Words can work wonders that benefit all mankind; they can create untold wickedness; they can be “wild and whirling”, clear and shining, or flat and dull. Words are our obedient servants to be used as we will.
We, in this Monthly Letter, are interested principally in the use of words in business and for everyday purposes, but they have far greater significance than that.
Such uplifting words as “I am the Light of the World” have inspired countless millions with unfaltering faith and hope; the calculated and inflaming words of demagogues and dictators have hurled nations and people into darkness and disaster.
Do we fully realize the importance, the strength and the beauty of the world of words lying open to us?
The time we live in is referred to as the Atomic Age, but we who live in it can rightly, call it the Verbal Age. Few of us can escape the ever-increasing stream of spoken and written words pouring from our radios, books, newspapers, correspondence and public platforms. We are so immersed in words that often we feel like the drowning man going down for the third time – we feel as if we were sinking in a whirlpool of words.
Let us defy tradition and come up again, and take a clear, calm look at all this verbiage.
Our Unique Heritage
It is language that sets us off most sharply from the higher animals. Without language we should be as dogs or monkeys, and because we possess it we are human beings, capable of good and evil and outstanding intellectual achievements. Or, for its lack, we may be dismally stupid. For better and for worse, words make us the men and women we are. Words are the stones out of which we built our civilization.
Gifted with language we, the ordinary people, make language, for language is nothing if not democratic. Scholars and men of learning enrich and cultivate it, but it is from the common soil that language derives its strength, nourishment and vigour. With our need for expression of new ideas language grows, and new systems of thought and new ways of living originate new words and phrases.
As was so well said by Walt Whitman, language is not “an abstract construction of the learned, or of dictionary makers, but is something arising out of the work, needs, ties, joys, affections, tastes, of long generations of humanity, and has its bases broad and low, close to the ground.”
Since we, the people, are the possessors and makers of language we must look upon ourselves as inheritors of its glorious past, custodians of its present and guardians of its future.
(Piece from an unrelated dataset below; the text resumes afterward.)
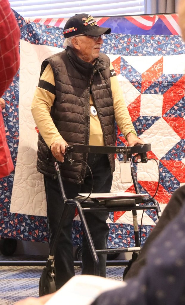 WW II Veteran EN2 Herb Cohen USCG with his Quilt.

And we must use it well.
If we are truly conscious of our opportunity in this matter of language, we are better fitted to beautify and strengthen it. A writer of the last century said that language is the amber in which a thousand precious and subtle thoughts have been safely embedded and preserved, and that it has arrested ten thousand lightning flashes of genius, which, unless thus fixed and arrested, might have been as bright but would have passed and perished as quickly as the lightning.
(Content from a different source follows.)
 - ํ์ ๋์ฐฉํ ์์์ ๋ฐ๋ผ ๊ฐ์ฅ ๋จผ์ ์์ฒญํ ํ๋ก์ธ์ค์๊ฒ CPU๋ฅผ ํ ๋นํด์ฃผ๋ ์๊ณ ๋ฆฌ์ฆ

Why do we talk or write? The purposes are many. We wish to describe objects and events, to express moods, to persuade, to please, to exhort, to explain, to make small talk, and often to lessen loneliness. And over all these lies the main reason for all other talking and writing – to transmit the ideas from our own minds to the minds of others.
Thoughts are Words
We need words even to communicate with ourselves. Simple thoughts such as deciding what to have for dinner, whether to buy the red or the gray hat, or whether to walk or take a tram, are formulated by yourself to yourself in some arrangement of words. Every writer or speaker who ever invented a new word had to explain its meaning by means of other words which people already knew and understood.
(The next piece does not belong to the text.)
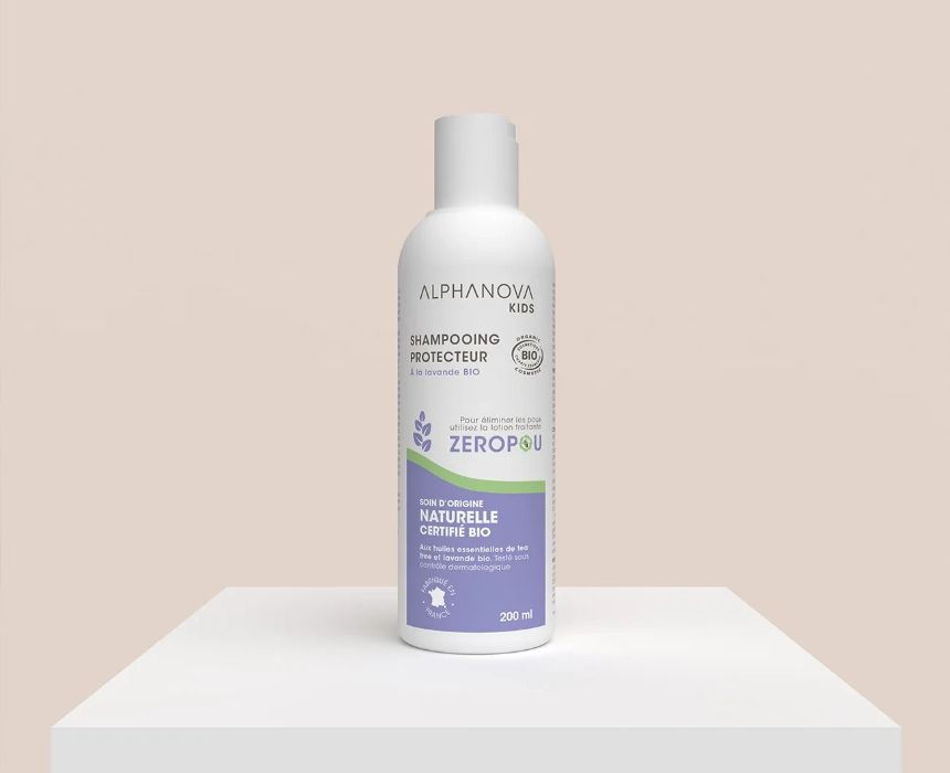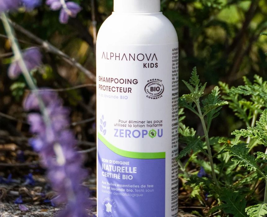 Alphanova Organic Lavender Lice Hair Shampoo 200ml is a gentle, natural shampoo enriched with essential oils of lavender, tea tree, and geranium rosat to help prevent head lice. Infused with organic aloe vera and cotton extract, it soothes the scalp and nourishes the hair, making it ideal for regular use from age 3 and up. Use on wet hair before or after ZEROPOU treatment for optimal protection and healthy, clean hair.

Communication is the vital chain between ourselves and our neighbours, our business associates, the people living in the next town, the next province, the next country and on the other side of the world. Words, spoken and written, are the golden links in that chain.
The cardinal principle of good communication is understanding. There is no satisfaction or accomplishment or, to be materialistic, gain, in meaningless and muffled words given out into unreceptive and uncomprehending air.
Here lies our main responsibility as a speaker or a writer. If our communication is open to more than one interpretation, or allows the listener or reader to say to himself, “What does he mean?” then we, at the transmitting end, have failed.
That a man will respond to some words while remaining indifferent to others is a well-known fact that influences all human affairs. The power of words is bound up with the images they evoke, and is not dependent on their dictionary meaning.
It is impossible for two persons ever to have learned the same word under precisely the same circumstances, at the same time, and with the same background of experience. Just as one person can never be another person, no matter how closely he is bound to him mentally, physically and spiritually, so with words.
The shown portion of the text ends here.